- Airflow: For scheduling and orchestration of the data pipeline tasks.
- EC2: For running the Python scripts for data extraction and transformation.
- Lambda Functions: For serverless, triggered processing of data transfer between S3 buckets.
- S3: For storing data at various stages of the pipeline.
- Redshift: For efficient data warehousing and analytics.
- QuickSight: For data visualization and exploration.
- Python Script: Extracts data from Zillow in JSON format and stores it in an S3 bucket.
- S3 Bucket (Staging): Stores the initial extracted JSON data.
- AWS Lambda Function 1 (Data Transfer): Triggers upon new data in the staging S3 bucket and copies the JSON data to a destination S3 bucket.

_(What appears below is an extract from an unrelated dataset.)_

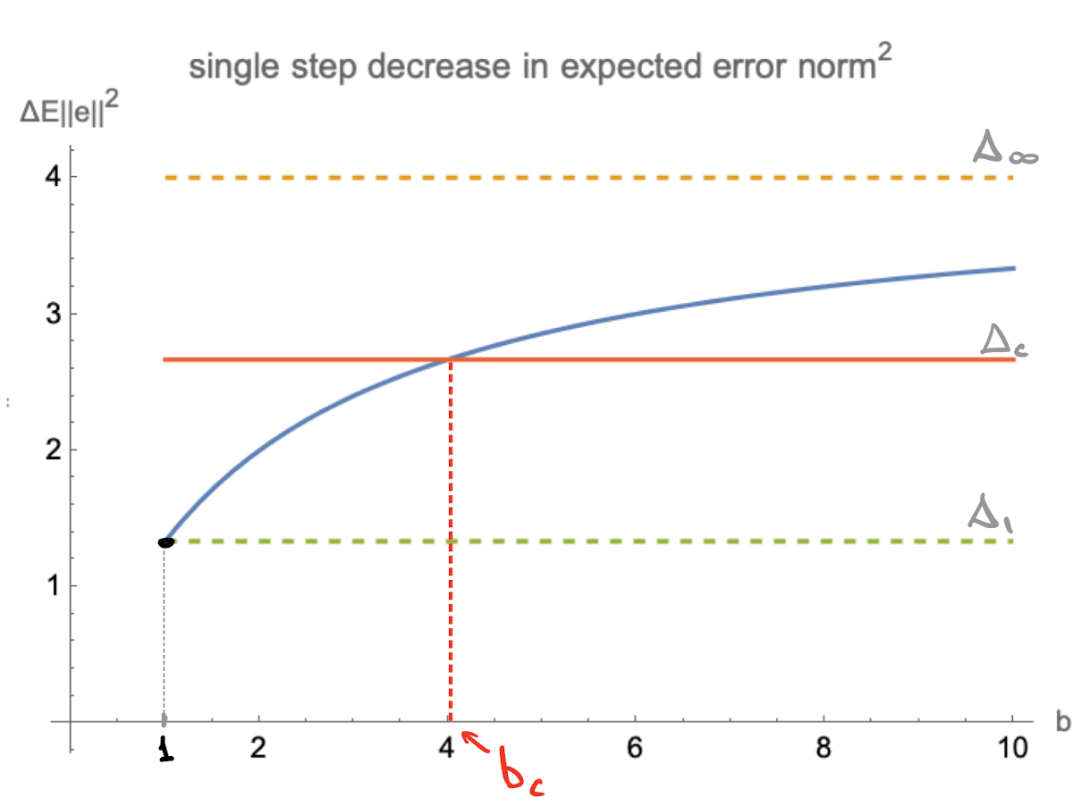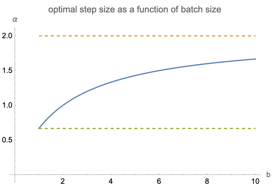 - for full batch case $b=\infty$ we get step size of $\operatorname{tr}H/\operatorname{tr}H^2$ where $H$ is the Hessian of our full-batch objective $J$

- S3 Bucket (Processing): Holds the JSON data ready for further processing.
- AWS Lambda Function 2 (Data Transformation): Triggers upon new data in the processing S3 bucket, reads the JSON data, converts it to CSV format, and stores the CSV data in a designated S3 bucket.
- S3 Bucket (Transformed Data): Stores the final processed data in CSV format.
- Amazon Redshift: Stores the CSV data from the transformed data S3 bucket for efficient data warehousing and analytics.
- Amazon QuickSight: Connects to the Redshift data warehouse to visualize and analyze the Zillow data.